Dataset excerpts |
# # # #
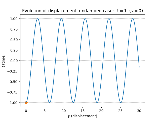 \(\text{ }\) Without friction - undamped case. Let us assume that there is no friction, i.e. \(\gamma=0.\) This is called an undamped spring. Then the ODE reduces to \[y''(t)+ky(t)=0.\tag{5.78}\] By the results of the previous section all solutions of this ODE are of the form \[y(t)=\alpha\cos(\sqrt{k}t+s),\tag{5.79}\] i.e. sinusoids of frequency \(\sqrt{k}\) and any amplitude and phase. If we for instance assume that the spring is initially compressed a distance of \(1\) length units, so that \(y(0)=-1,\) and released from there from rest so that \(y'(0)=0,\) we should impose the initial conditions \[y(0)=-1\text{ and }y'(0)=0.\tag{5.80}\] Since \(y'(t)=\alpha\sin(\sqrt{k}t+s)\) so \(y'(0)=\alpha\sqrt{k}\sin(s)=0\) if \(s=0,\) while \(y(0)=\alpha\cos(s)=-1\) if \(s=0,\alpha=-1,\) we obtain the solution \[y(t)=-\cos(\sqrt{k}t),\tag{5.81}\] which is plotted in this figure:
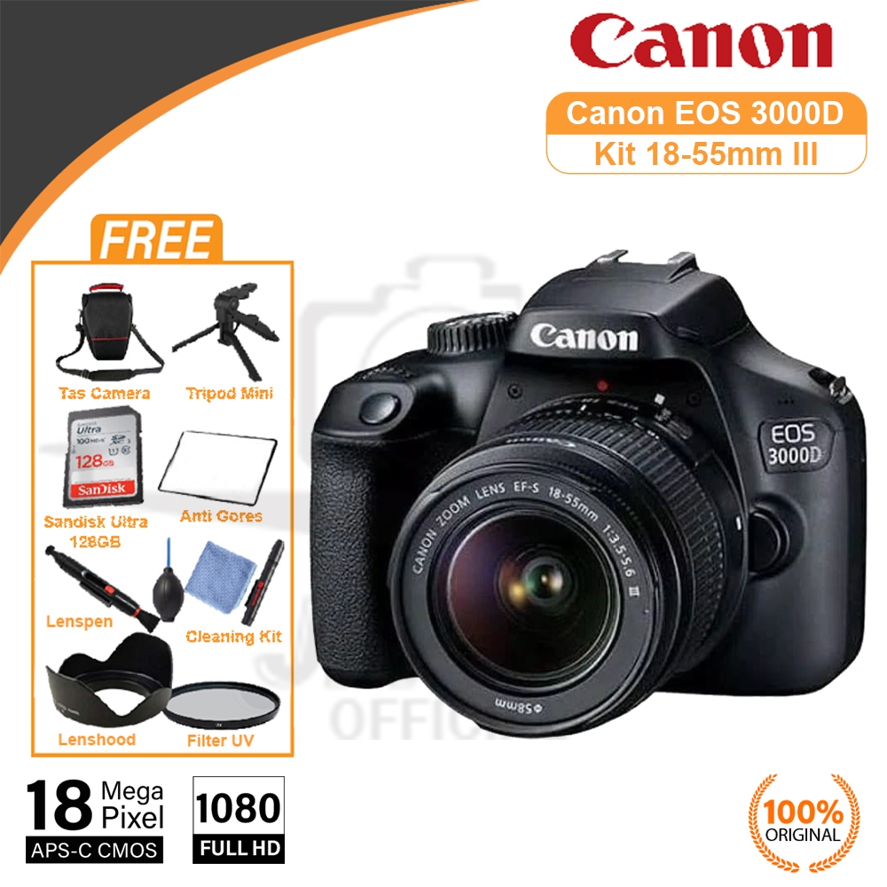 Canon EOS 3000D Kit 18-55mm III Wifi & Original Canon - Kamera DSLR
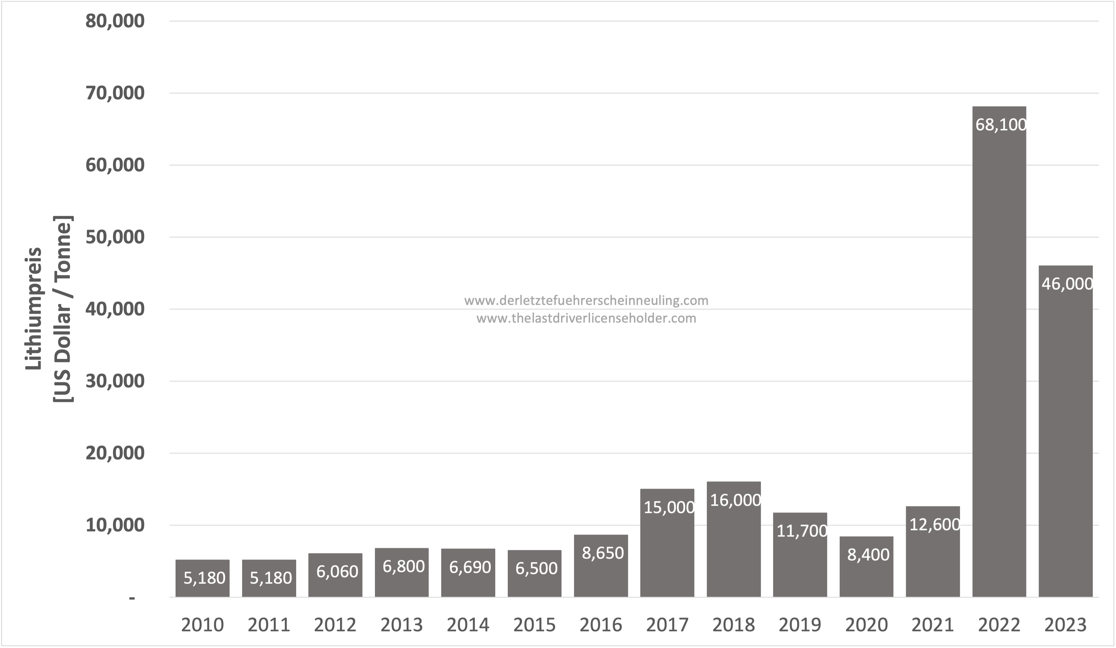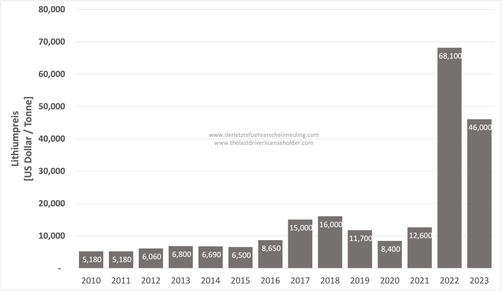 Secondly, traditional manufacturers are realizing how challenging the development and production of a competitive electric car is – keyword: production hell – and how low their profit margin is. Or rather: how much the late converts are losing with electric cars. Because by jumping on the electric car boom late, which they refused to believe in for a long time, they missed out on securing resources at favorable prices. The example of lithium, which is needed for batteries, quickly makes this clear.
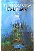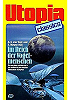 Boot am Rand von Eisschollen neben pilzförmigem Gebäude und Planeten am Himmel
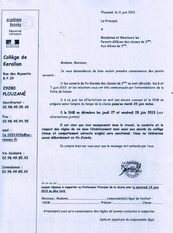 note aux parents déroulement du DNB et fin des cours |
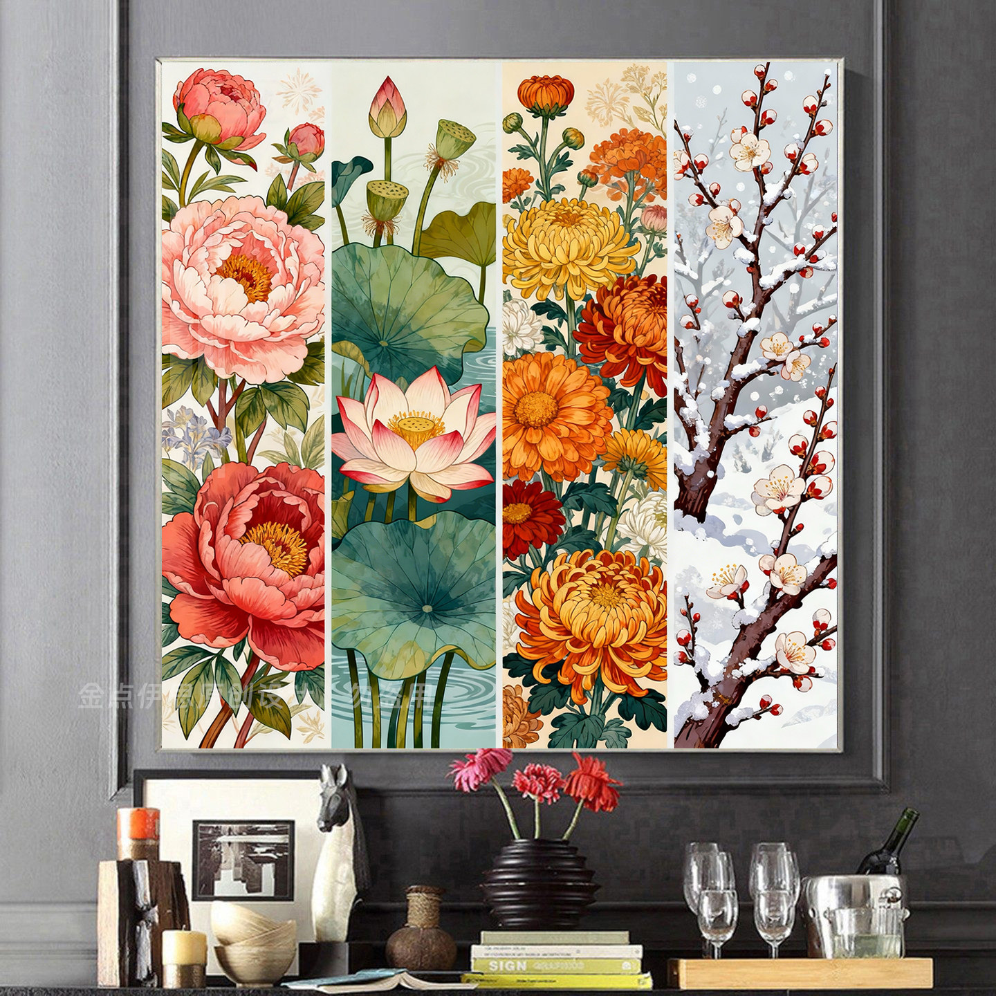 十字绣春夏秋冬竖版牡丹荷花手工客厅家用2025绣新款刺绣自己绣
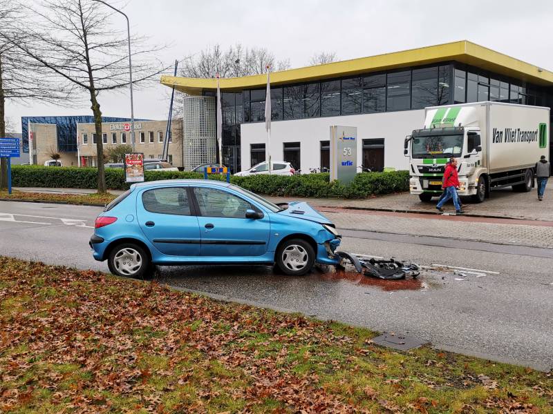 Een personenauto is in aanrijding gekomen met een vrachtwagen. Bij de aanrijding is niemand gewond geraakt, wel is de bestuurder van de personenauto gecontroleerd in een ambulance.
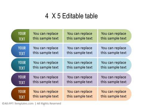 Creative 3 X 5 editable table | |
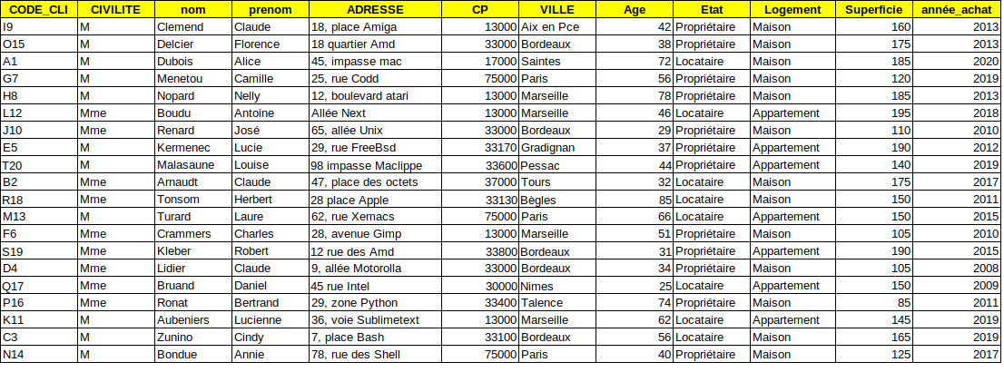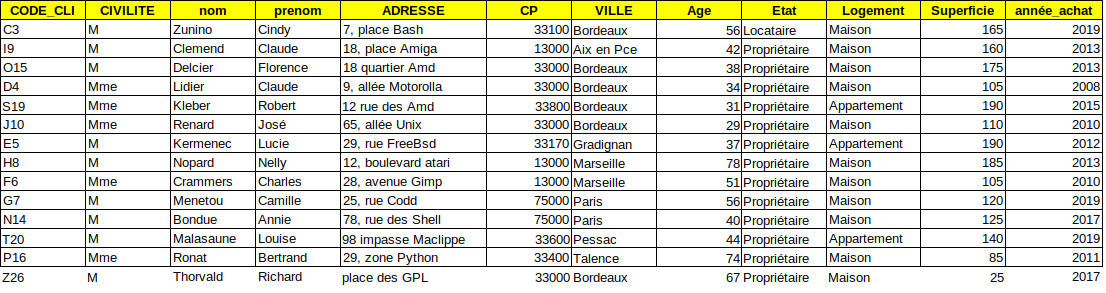 Ci-dessus on tri d'abord sur l'état (locataire/propriétaire), puis la ville et l'âge décroissant:
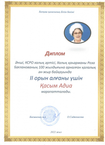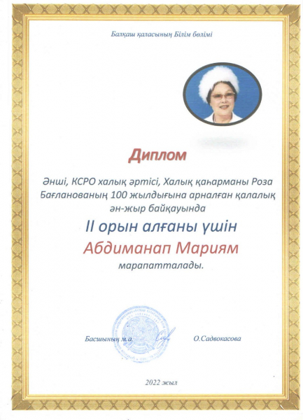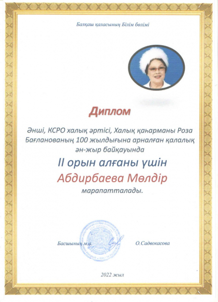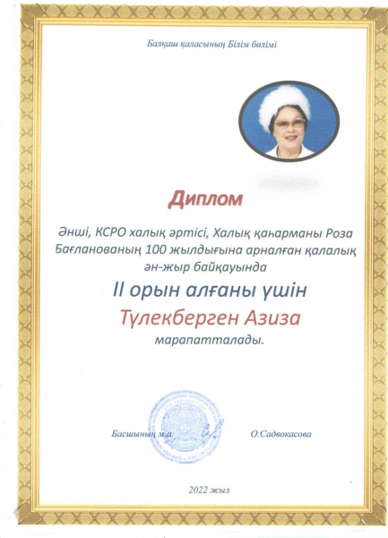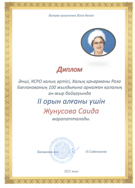 Әнші КСРО Халық әртісі, Халық Қаһарманы Роза Бағланованың 100 жылдығына арналған қалалық ән-жыр байқауының нәтижесі
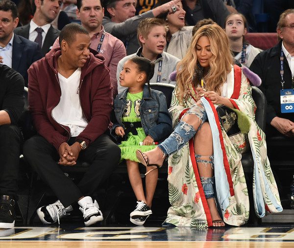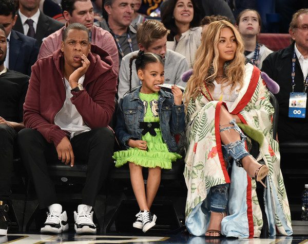 Jay Z, Blue Ivy Carter and Beyoncé Knowles attend the 66th NBA All-Star Game at Smoothie King Center on February 19, 2017 in New Orleans, Louisiana.
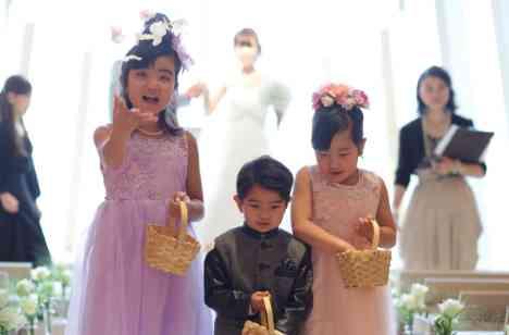 挙式ではおふたりのご親族のお子様ゲストが、フラッグボーイ・リングガール・フラワーガール&ボーイを務めてくださいました。お子様たちの一生懸命な姿に、会場は自然とゲストの皆さまの笑顔に包まれ、素敵なシートなりました。
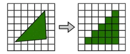 光栅化:决定哪些像素被集合图元覆盖的过程。
# # # #
DIRECTIONS FOR THIS TASK |
From the records above, copy exactly the lines starting at the one with "十字绣春夏秋冬竖版牡丹荷花手工客厅家用2025绣新款刺绣自己绣" and ending at the one with "Creative 3 X 5 editable table | |", and no others. Pictures stay out.

THE COMPLETED TASK |
 十字绣春夏秋冬竖版牡丹荷花手工客厅家用2025绣新款刺绣自己绣
 Een personenauto is in aanrijding gekomen met een vrachtwagen. Bij de aanrijding is niemand gewond geraakt, wel is de bestuurder van de personenauto gecontroleerd in een ambulance.
 Creative 3 X 5 editable table | |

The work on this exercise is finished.